Every call records {provider, model, reason} in the audit log, so
you can answer "why did this turn cost X" with a SQL query rather
than stack-walking through code.
Overrides:
AGENT_MODELpins the main agent-loop model. Also settable interactively viaminara model use <id>or the/modelslash command, both of which persist to$MINARA_DATA_DIR/env.
Tool-use shape
Both providers (Anthropic and OpenAI) support tool use, but the wire
format differs. The agent loop speaks Anthropic's shape internally
and openai-wire.ts translates
in both directions. Consequences:
- Tool schemas are defined once as JSON Schema in
ToolEntry.schema.parameters. Both wire layers consume the same schema. - Stop reasons are normalized. Anthropic's
"end_turn"/"tool_use"/"max_tokens"and OpenAI's"stop"/"tool_calls"/"length"get mapped to a common enum the loop consumes. - Streaming events are normalized into a common
LLMStreamEventunion so/chat/streamdoesn't care about the upstream provider.
Vision
Vision calls go through a separate LLMClient.vision() method
because not all providers support vision inline with tool calls.

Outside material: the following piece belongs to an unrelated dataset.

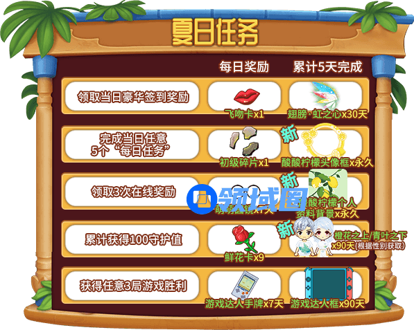活动期间,完成夏日任务,领取特别奖励!当同一个任务累计5天都完成时,我们还会按照派对的规定,给予您更加丰厚的奖赏!

The vision_analyze tool calls it explicitly, and tools that need
to read a screenshot (the browser.* set) encode the image as
base64 before calling.
OAuth flow for Anthropic
Anthropic OAuth lets users sign in with their Claude.ai account
rather than providing an API key. The flow lives in
apps/agent/src/llm/oauth/:
/auth/anthropic/initstarts the PKCE flow and returns an auth URL.- User visits, approves, is redirected back.
/auth/anthropic/exchangeexchanges the code for a refresh token.- The refresh token is encrypted with a local key and stored in SQLite.
- Every LLM call transparently refreshes the access token if needed.
The same pattern applies to OpenAI and OpenRouter. See the Auth endpoints reference for the exact routes.
Adding a provider
To support a new LLM provider:
- Implement
LLMClientinapps/agent/src/llm/<name>-wire.ts. Prompt caching support is optional but strongly preferred. - Add a selection branch in
select-provider.ts. - Add the env var to
.env.exampleand the env-vars inventory. - Write integration tests under
tests/integration/llm/using the wire-level fakes intests/fakes/llm/.
Do not reach into the agent loop to add a provider-specific code path. If a provider has a quirk, hide it in the wire layer.